→ Data extracted from a collection:
__________________________________________________

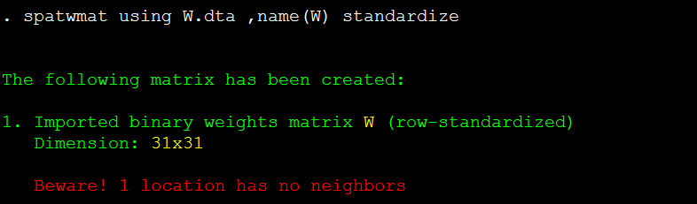 jxapp_19511 发表于 2017-6-4 17:25 楼主,想问一下,在导入矩阵这一步,spatwmat using W.dta,name(W) 命令之后,总是显示type mismatch是怎么 ...
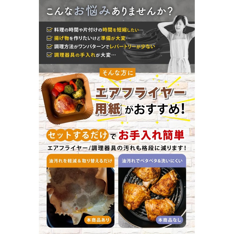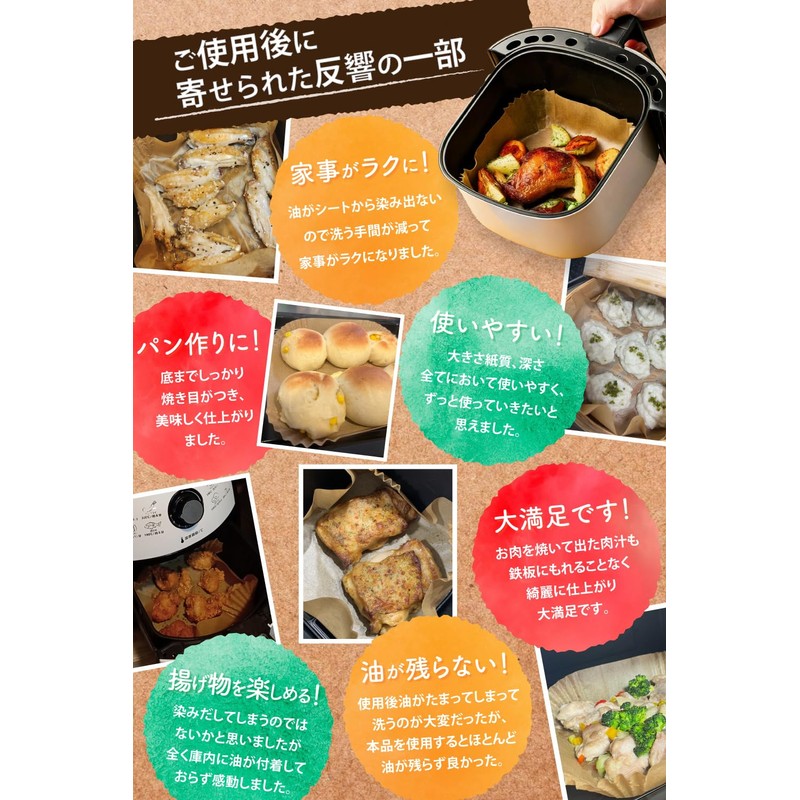 - (Supervised by a culinary research) By using air flyer paper, it minimizes the mess inside the flyer and greatly reduces the hassle of clean-up. The extra tall design prevents grease and juices from splashing out and helps keep them clean. Say goodbye to sticking and greasy stains! These sheets are easy to clean. Make cooking more fun!
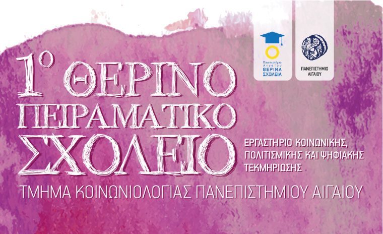 Το Εργαστήριο Κοινωνικής και Πολιτισμικής Ψηφιακής Τεκμηρίωσης του Τμήματος Κοινωνιολογίας του Πανεπιστημίου Αιγαίου, πραγματοποιεί το 1ο Πειραματικό Θερινό Σχολείο: Οπτικές και Συμμετοχικές Μέθοδοι Έρευνας για την Κοινωνική Αλλαγή, που θα υλοποιηθεί το χρονικό διάστημα 24-30 Ιουλίου 2017 στο Συνεδριακό & Πολιτιστικό Κέντρο Παν/μιο Θεσσαλίας, Παλαιά Μονή Πάου, Πήλιο.
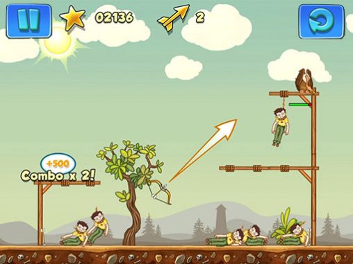 Npleasant to appear in wild solitudes, under the scorching sun, without food and water... on a tree … in a loop. What rescue is it possible to speak about when already there are no forces to wave away from Egyptian vultures with a naked heel? The matter of life and death is solved in one shot! Your task - to manage to get an arrow to a rope before the innocently hung up won’t expire.
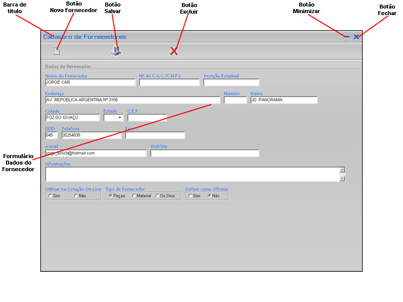 Para Cadastrar, Alterar ou Excluir o cadastro de um fornecedor, siga os seguintes passos. |
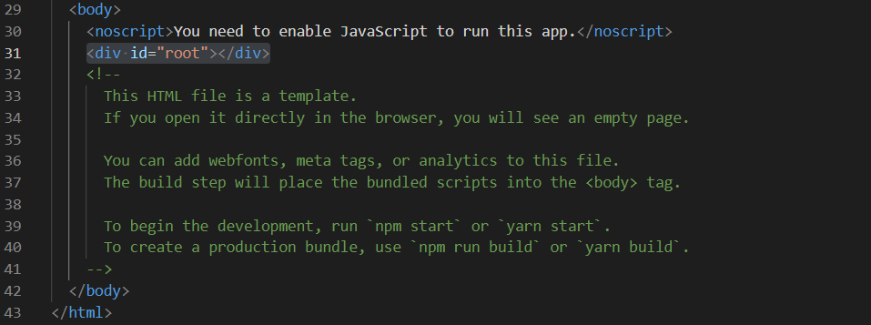 - id가 root인 태그 안쪽에 들어가는 컴포넌트들은 src 디렉토리 안의 파일을 수정해서 만들 수 있다.
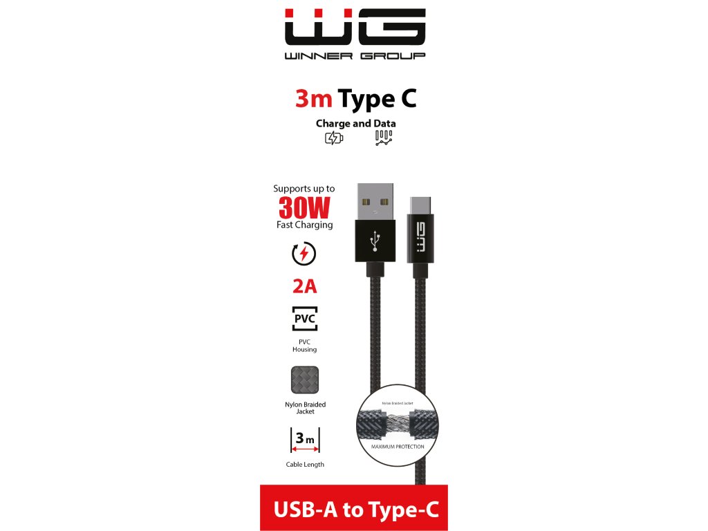 Kabel do transmisji danych USB-A x USB-C 3m 30W - czarny
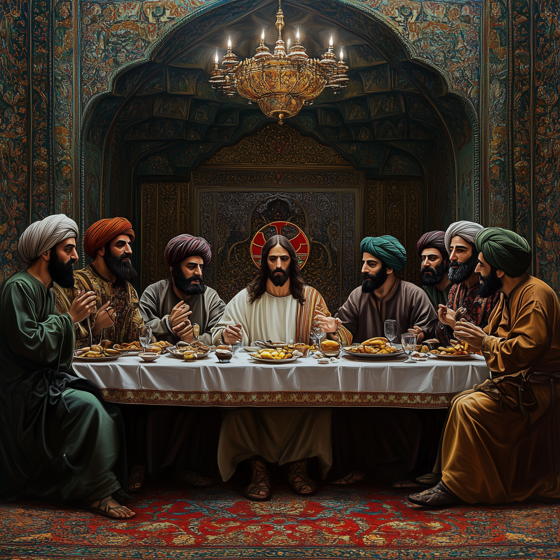 This highly realistic image depicts the Last Supper, featuring famous Iranian figures instead of traditional biblical ones. It is adorned with intricate traditional Iranian motifs, creating a vibrant and culturally rich atmosphere.
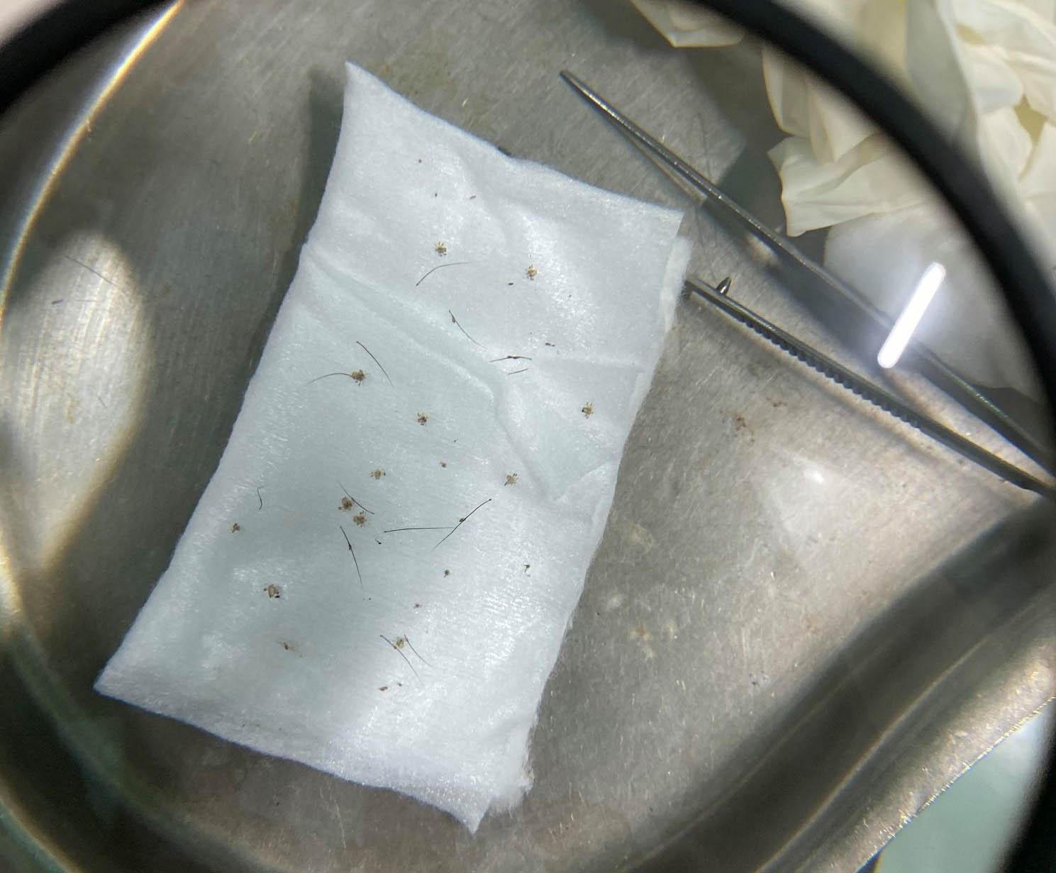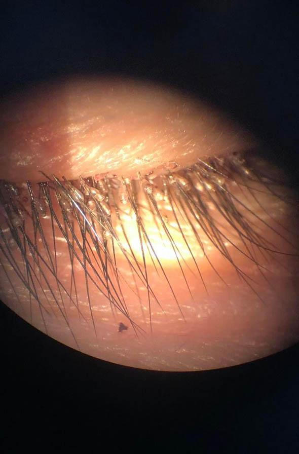 Ngay sau đó, các bác sĩ tiến hành gây tê tại chỗ và lấy ra gần 100 con rận mu và hơn 100 trứng ký sinh trên mi mắt người bệnh.
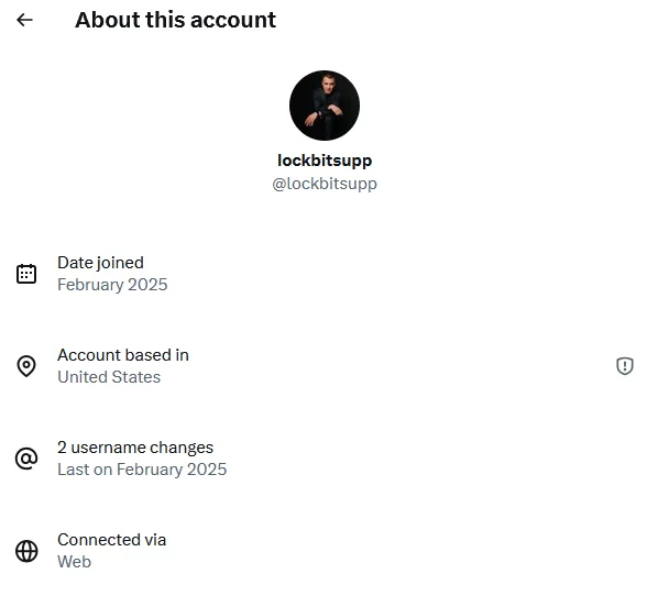 یا برای lockbitsupp، رهبر گروه باج افزاری LockBit این اطلاعات بصورت زیر است:

__________________________________________________

→ DIRECTIONS FOR THIS TASK:
Set down the records exactly, without the pictures.

→ RESULT FOR THIS TASK:
 jxapp_19511 发表于 2017-6-4 17:25 楼主,想问一下,在导入矩阵这一步,spatwmat using W.dta,name(W) 命令之后,总是显示type mismatch是怎么 ...
 - (Supervised by a culinary research) By using air flyer paper, it minimizes the mess inside the flyer and greatly reduces the hassle of clean-up. The extra tall design prevents grease and juices from splashing out and helps keep them clean. Say goodbye to sticking and greasy stains! These sheets are easy to clean. Make cooking more fun!
 Το Εργαστήριο Κοινωνικής και Πολιτισμικής Ψηφιακής Τεκμηρίωσης του Τμήματος Κοινωνιολογίας του Πανεπιστημίου Αιγαίου, πραγματοποιεί το 1ο Πειραματικό Θερινό Σχολείο: Οπτικές και Συμμετοχικές Μέθοδοι Έρευνας για την Κοινωνική Αλλαγή, που θα υλοποιηθεί το χρονικό διάστημα 24-30 Ιουλίου 2017 στο Συνεδριακό & Πολιτιστικό Κέντρο Παν/μιο Θεσσαλίας, Παλαιά Μονή Πάου, Πήλιο.
 Npleasant to appear in wild solitudes, under the scorching sun, without food and water... on a tree … in a loop. What rescue is it possible to speak about when already there are no forces to wave away from Egyptian vultures with a naked heel? The matter of life and death is solved in one shot! Your task - to manage to get an arrow to a rope before the innocently hung up won’t expire.
 Para Cadastrar, Alterar ou Excluir o cadastro de um fornecedor, siga os seguintes passos. |
 - id가 root인 태그 안쪽에 들어가는 컴포넌트들은 src 디렉토리 안의 파일을 수정해서 만들 수 있다.
 Kabel do transmisji danych USB-A x USB-C 3m 30W - czarny
 This highly realistic image depicts the Last Supper, featuring famous Iranian figures instead of traditional biblical ones. It is adorned with intricate traditional Iranian motifs, creating a vibrant and culturally rich atmosphere.
 Ngay sau đó, các bác sĩ tiến hành gây tê tại chỗ và lấy ra gần 100 con rận mu và hơn 100 trứng ký sinh trên mi mắt người bệnh.
 یا برای lockbitsupp، رهبر گروه باج افزاری LockBit این اطلاعات بصورت زیر است:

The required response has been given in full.